For the past five years I've wondered if this will be the winter that kills him. But his old body remains strong even as he spends more and more of the day sleeping. You know the roller coaster of dementia. He's had weeks like this before but then has popped back up to a full day awake.
Daniel Kainz |
This is part of the craziness for the carer. Even though you can find plenty of information about dementia in many different places, no experience is just the same as another. This used to add to my experience of the craziness of this ride. But my experience in September did something to my mind. It knocked me finally into acceptance, or so it seems. Acceptance of my situation, acceptance of my addiction, acceptance of this journey as my journey and it's okay.
I ran into a neighbor while dog walking last week and she mentioned her anxiety and I said, "We're protected and I don't worry about things I can't control." I didn't add, "since I almost died" or "since I almost accidentally killed myself." She said that I was facing life with much more equanimity than she. But really, for my spouse and I, our personal world is far more important to me than "the fate of the republic."

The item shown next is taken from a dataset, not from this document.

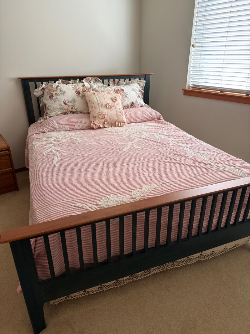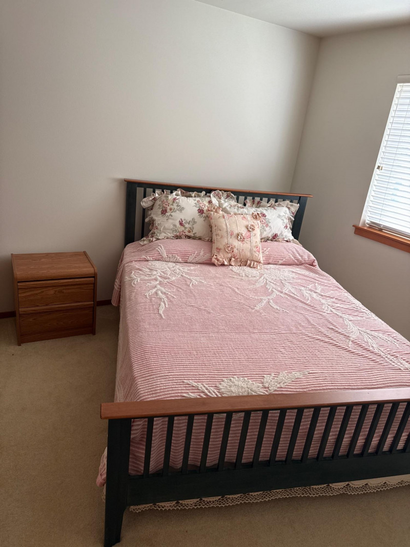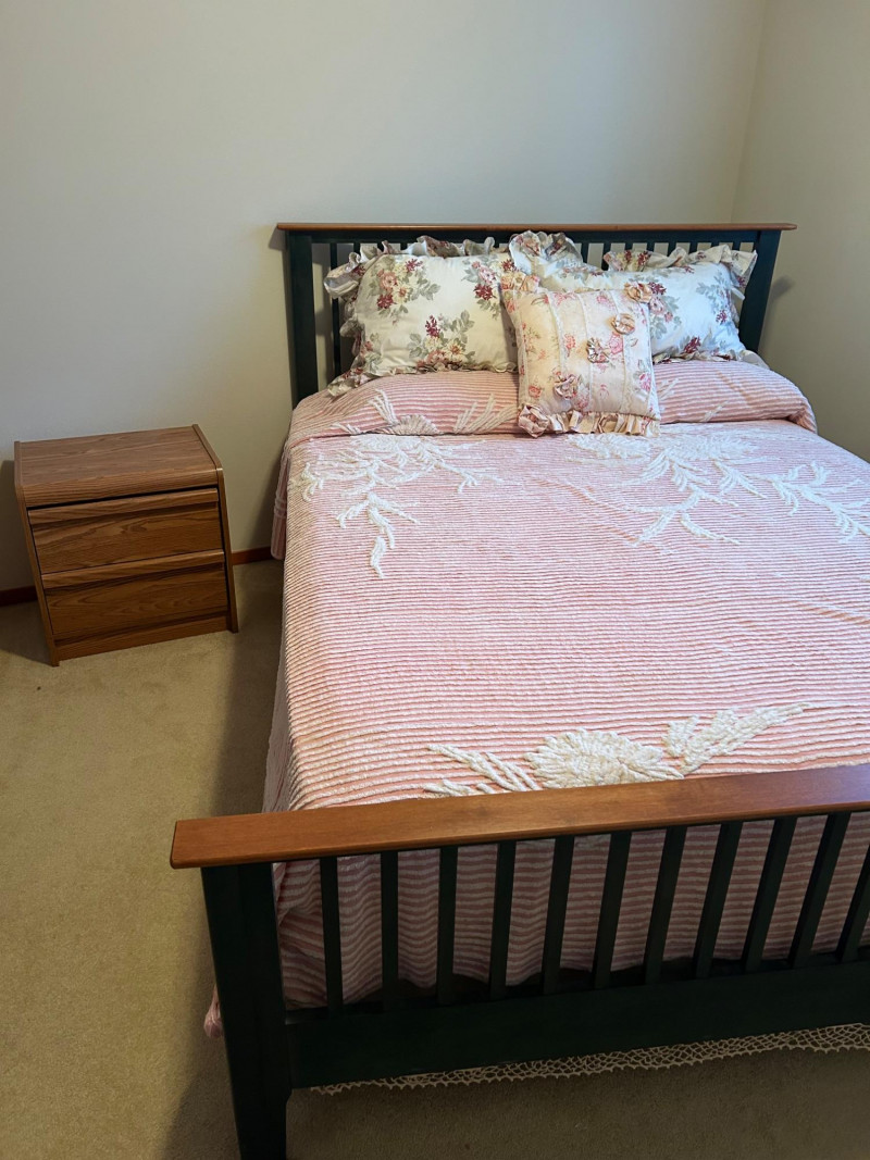 Cozy bedroom set featuring: Wooden bed frame with slatted headboard and footboard, accented with lighter wood trim, appears to be queen Coordinated bedding, including pink‑and‑white striped coverlet with textured floral pattern Three decorative pillows with floral prints and ruffled edges Two‑drawer nightstand

This isn't, of course, the person I thought I was in my youth, when I was a red, white, and blue patriot, believing absolutely in the promise of America. I lost that belief in high school and further cemented the loss through the rest of my schooling as I learned about American imperialism. So some of my equanimity flows from my understanding of America's sins and my sense that all the conflict and division we've been seeing is a "natural" outcome of the structure of an imperialist nation. Power seeks more power.
But in the Christianity in which I believe, power should give itself away. The least should be first and the first least. The powerful should seek to empower the powerless, rather than treating them as farm animals. The Word of God makes that clear. The power of this earth is contrary to the power of the Holy. Christ as the Word shows us that what God wants us to do is raise up those who are fallen, not kick them.
Thus, I see the dumpster fire of American politics as "natural" to the fall of a failing empire. Too many people seeking power to protect the powerful instead of healing and feeding the powerless.
Of course I'm protected from worry by our good finances. We both have pensions and own our house and property outright. So I can afford to be relatively worry free, if I don't imagine the incontinent future but even that I know I'll be able to manage. As my therapist reminds me, I'm resilient.
I did get him to the ophthalmologist a while back to find out if his lack of reading was because his left eye was shutting down and it appears that it's actually due to his dementia.
I hug him and tell him I love him. It's hard to do things for him because he doesn't want things done. He fell again two days ago when I was downstairs. I heard him hit the floor and when I came upstairs he was on his knees. I couldn't figure out why he'd fallen and he denied he'd become dizzy. I've gotten rid of our rugs but there was a tiny dog bed (for the little guy) in front of an end table and he may have tripped over that.
Well, this is a rattly entry. This is such a long, slow, journey, full of answered and unanswered prayers.